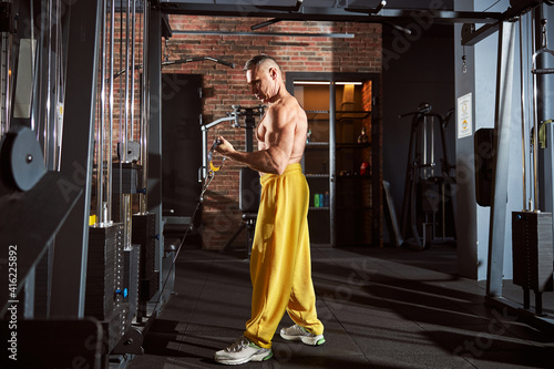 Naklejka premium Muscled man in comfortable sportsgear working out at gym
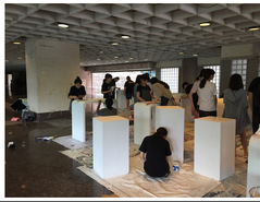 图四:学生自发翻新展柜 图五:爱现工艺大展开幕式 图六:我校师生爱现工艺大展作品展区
━━━━
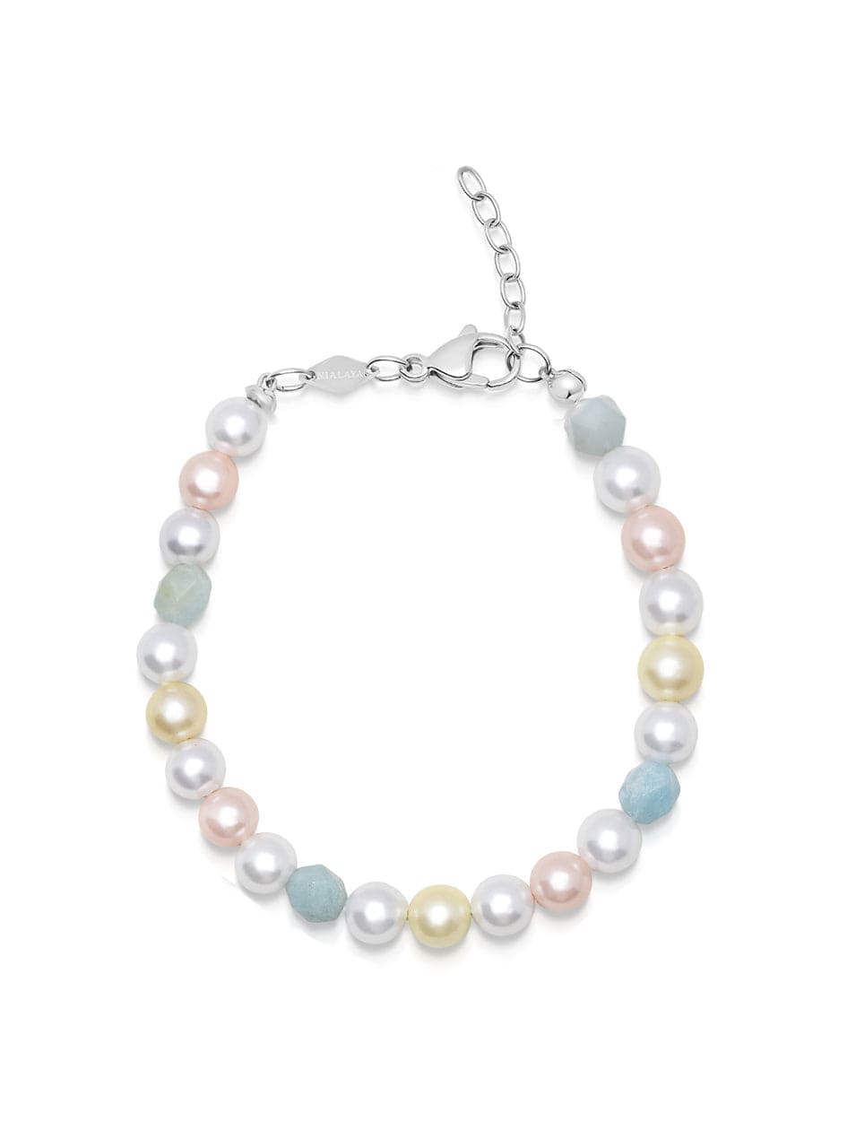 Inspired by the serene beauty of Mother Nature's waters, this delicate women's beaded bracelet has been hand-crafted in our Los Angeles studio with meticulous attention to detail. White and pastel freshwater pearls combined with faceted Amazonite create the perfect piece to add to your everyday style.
━━━━
## TASK STATEMENT
From the records above, return exactly the lines running from the one that contains "Naklejka premium Muscled" down to the one that contains "图四:学生自发翻新展柜 图五:爱现工艺大展开幕式 图六:我校师生爱现工艺大展作品展区", both included, without any pictures.

## EXERCISE ANSWER
 Naklejka premium Muscled man in comfortable sportsgear working out at gym
 图四:学生自发翻新展柜 图五:爱现工艺大展开幕式 图六:我校师生爱现工艺大展作品展区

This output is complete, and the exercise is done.